文化施設 来場増へ割引 U25若年層対象 トワイライト仕事帰りに 猛暑35度以上で

上毛新聞
2017年8月31日

美術館や音楽ホールに気軽に足を運んでもらおうと、県内の文化施設はさまざまな割引制度を導入している。若年層を対象にしたU25割や、仕事帰りの社会人を想定したトワイライト割、夏季限定の猛暑割など、来場者増に向けてあの手この手でPRしている。

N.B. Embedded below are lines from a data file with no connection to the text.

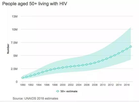 1990~2016 年全球老年 HIV 感染者数量变化 |来源:UNIAIDS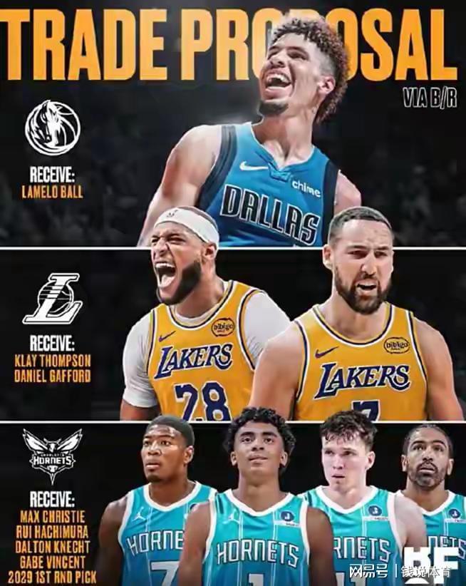 就在今日,Bleacher Report记者格雷格·斯沃茨抛出一套震动联盟的三方交易构想,涉及独行侠、湖人与黄蜂三支球队,方案一经发布便引发热议。具体交易框架如下: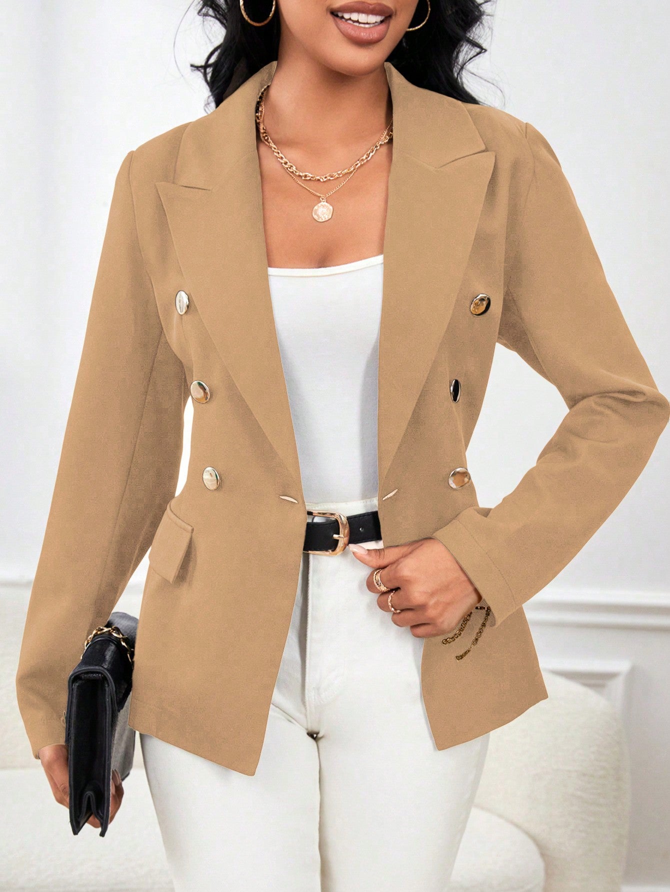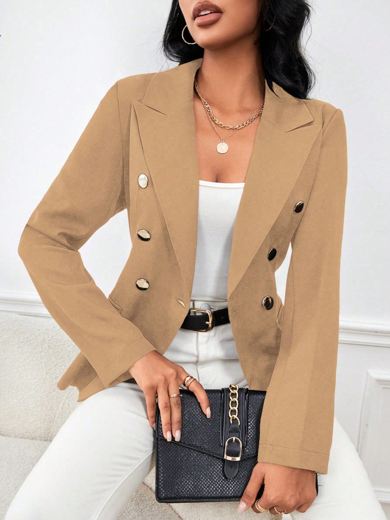 Raffinéa Ladies' Solid Color Double Breasted Blazer With Lapel Collar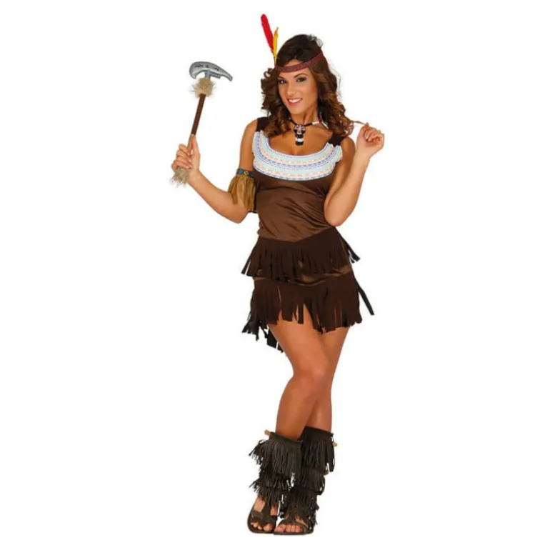 Disfraz de Pocahontas para mujer. Incluye cinta cabeza y vestido. No incluye collar, hacha, calentadores ni calzado. ¡Compra en un comercio online que cumple con todas las normativas de la U.E., compra en !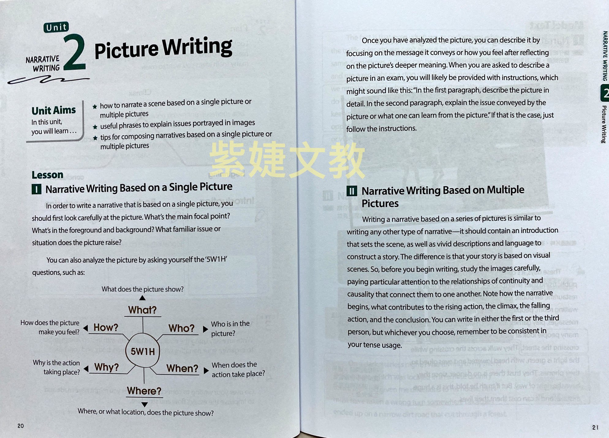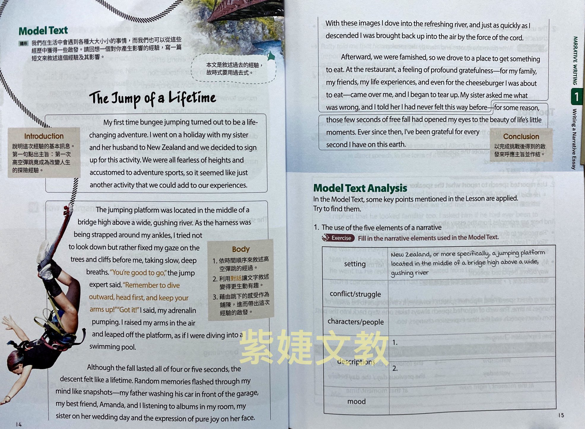 用淺顯易懂的英文帶你瞭解敘述文、應用文、說明文、論說文的寫作概念,透過英文說明同時可以培養文字的鋪陳能力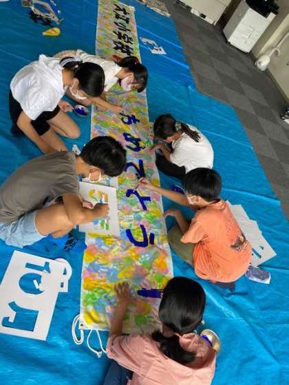 全校児童で作ってきた横断幕がもうすぐ完成します。仕上げは、5・6年の代表委員の子たちが担当します。
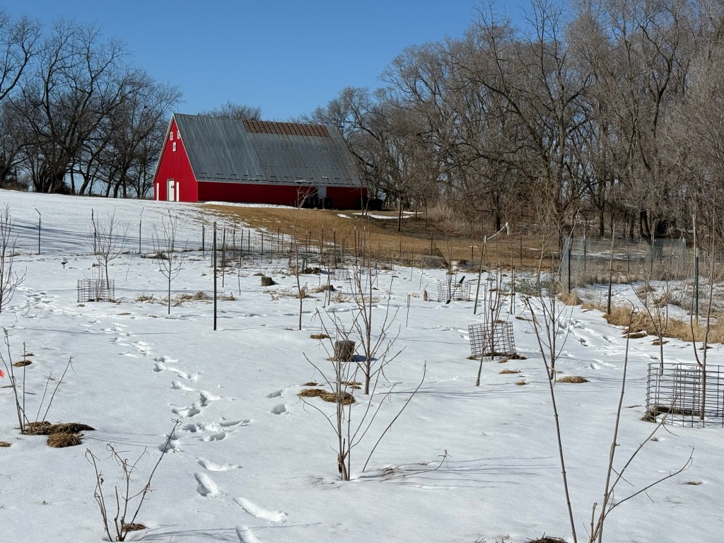 Today the garden lies under a layer of mulch and snow. The mulch is gradually broken down and adding organic matter to the soil. The snow is adding precious moisture to the soil. The fruit trees are still dormant but will be coming to life in just a few weeks.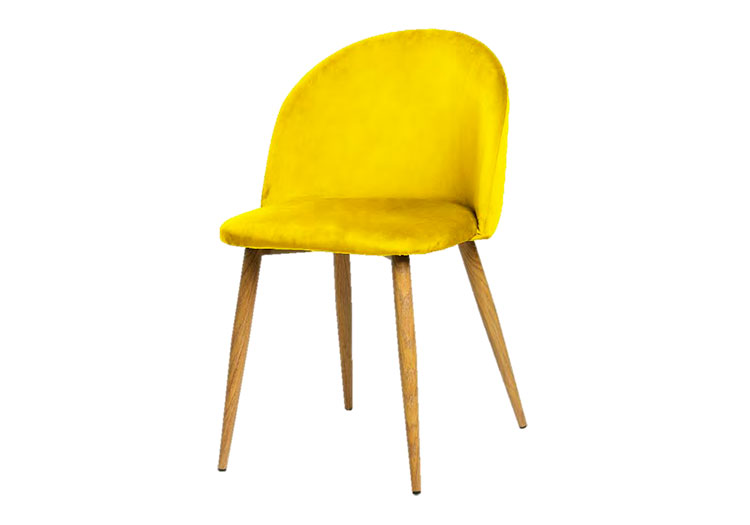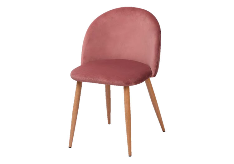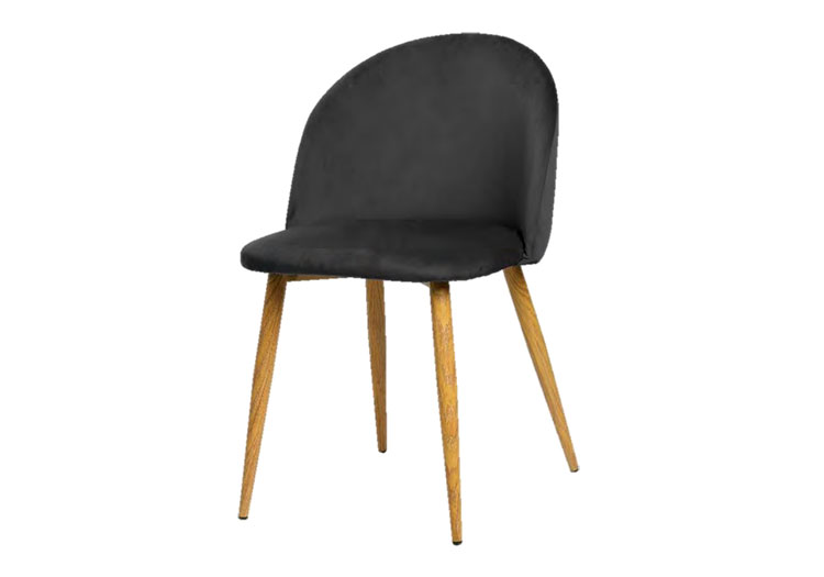 - Silla de comedor comedor estilo Vintage con asiento y respaldo fabricados en terciopelo y patas metálicas lacadas efecto roble.

世界的なホルン奏者、ラデク・バボラークさんを招いて7月に高崎シティギャラリー(高崎市)で開かれたリサイタルの会場は、楽器ケースを背負った学生など若者の姿が目立った。25歳以下には一般の3~5割の価格でチケット販売するU25割の公演だった。
学生割引と異なり、社会人も対象となる。欧州や都内で取り入れられているが、主催した高崎財団は「音楽ホールとしては県内では初導入」としている。中高年に偏った客層を改め、将来の観客の確保につなげようと本年度から一部の公演で導入した。
U25割で販売されたチケットは、初導入した5月の公演の18枚(総売上枚数は275枚)から7月は50枚(同261枚)と3倍弱に増えた。平日夜の公演に加え、今後は平日昼の公演にも導入する。
財団の串田千明事業課長(42)は「将来の観客の確保は急務。学生だけでなく、社会人になって間もない貯蓄の少ない人にも活用してほしい」と話す。
アーツ前橋(前橋市)は、午後5時以降の入館者の観覧料を値引きするトワイライト割を多くの企画展で行っている。最高気温が35度以上になった猛暑日に来館した人を対象にする猛暑割も一部で実施。9月下旬まで開催するテーマ展示「コレクション+アートの秘密」では、いずれも一般500円が300円になる。
同館の学芸員、辻瑞生さん(39)によると、トワイライト割の時間帯を狙って来る人がいるなど反応は上々。猛暑割について「館内は作品保護のために涼しくしており、クールシェアの観点からも利用してほしい」と呼び掛けている。
このほか昌賢学園まえばしホール(同市)は、来場が予想される客層に合わせて「ファミリー券」や「親子ペア」など、複数枚のチケットを同時購入すると割引する制度を導入している。